The sunflasher towers averaged seven cellib apart, circling all of World at the equator, where its principal landmass lay. The towers were constantly staffed on all sunny days. If the weather cooperated, any message could travel halfway around World from dawn to sunset, and all the way around the next day. Branch towers spread to the north and south, after which bicycle messengers took the information to remote villages. Although it was seldom used all at once, the whole sunflasher system could reach everyone on World. Reluctantly, the Gofkit Jemloe sunflasher mounted his bicycle and rode to his tower, set on the highest hill some distance away. Later, Enli and Voratur and Pek Sikorski saw the bright glints from his tilting mirror. Over and over the message glinted. Later still, the sunflasher rode back to Gofkit Jemloe.

“Pek Voratur, there is no answer. The other sunflashers have abandoned their towers, too. I cannot share anything with anybody.”

Enli, Pek Voratur, and Pek Sikorski looked at each other. Silently they made their way back to the Voratur household.

The gate servant was not at her post. Someone had broken the delicate wood carving on the gate: smashed it to pieces, senselessly, in rage.
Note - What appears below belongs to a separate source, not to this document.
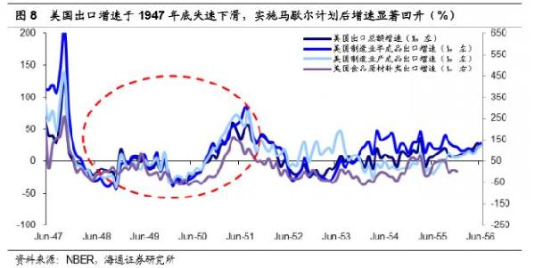 美国制造业产能利用率反弹,产能并未坍缩。以美国钢铁和汽车产业为例,其产能利用率在 1948年后大幅下滑,行业总产能也出现增速大幅放缓的迹象。而在马歇尔计划实施一年后,这两个行业的产能利用率大幅回升,并在计划实施期间维持在较高水平,行业总产能也出现加速扩张的迹象。虽然计划结束后产能利用率再次下滑,行业总产能也不断收缩,但马歇尔计划的实施在一定程度上延缓了产能利用率的失速下滑,行业总产能也并未迅速坍缩,而是台阶式下行,较为平缓。
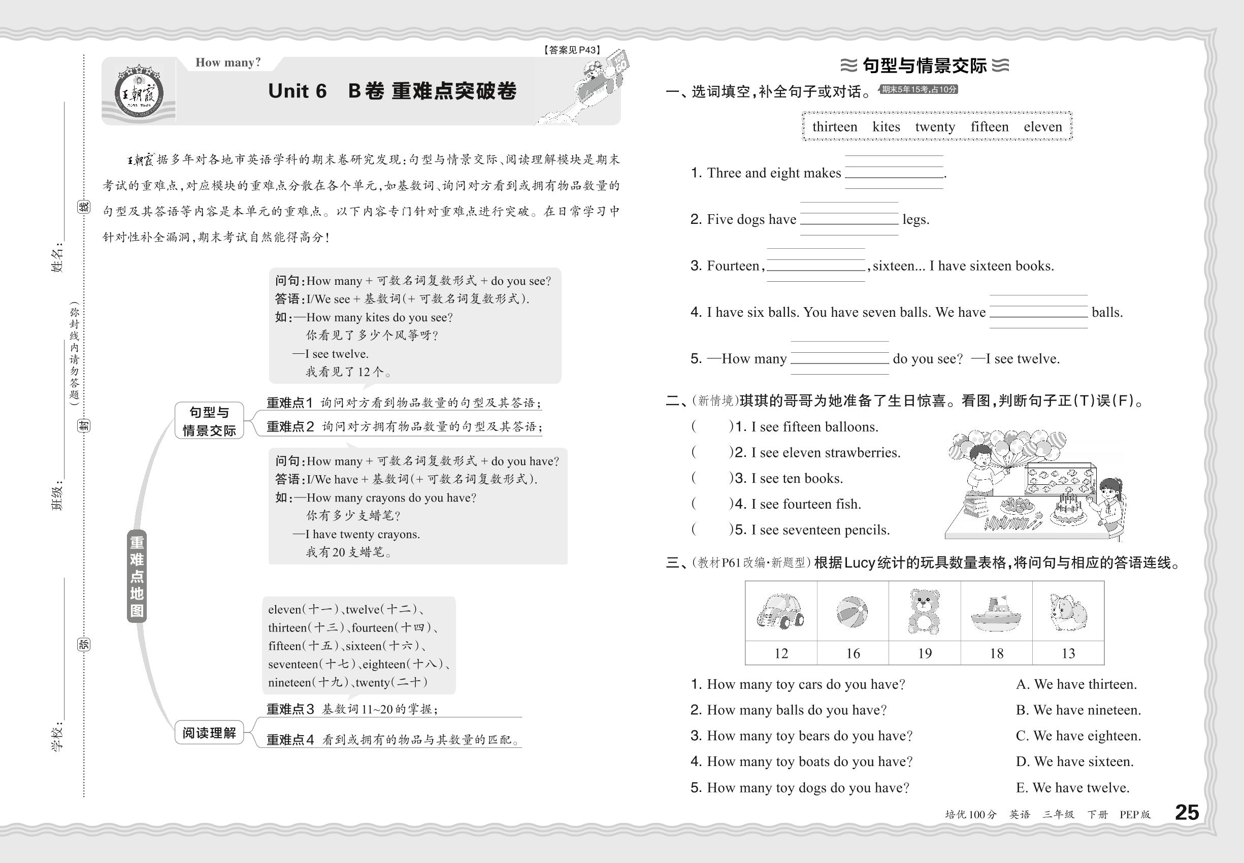 2024春下册三年级英语人教PEP版 Unit 6 B卷 重难点突破卷

“So it starts,” Pek Sikorski said wearily in Terran. Pek Voratur looked at her blankly, but Enli realized, in grief, that she knew what Pek Sikorski meant.

*   *   *

Then, next morning, it was over.

Enli was the first awake, very early, heavy-eyed from poor sleep. There was a foul taste in her mouth. She had slept in Voratur’s personal room, along with many others. Pek Voratur seemed to have decided, since the smashing of his gate, that it was better to have many people around him who would not smash anything. Thirty householders crowded together in pallets on the floor. She staggered from the room out to the piss closet off the garden and made her morning stream.

A man waited outside the piss closet for his turn. Enli didn’t recognize him; he wasn’t one of the people who’d spent the night in Pek Voratur’s room. In fact, he didn’t wear the tunic of the Voratur household at all. His hands were rough. A laborer who did not belong here.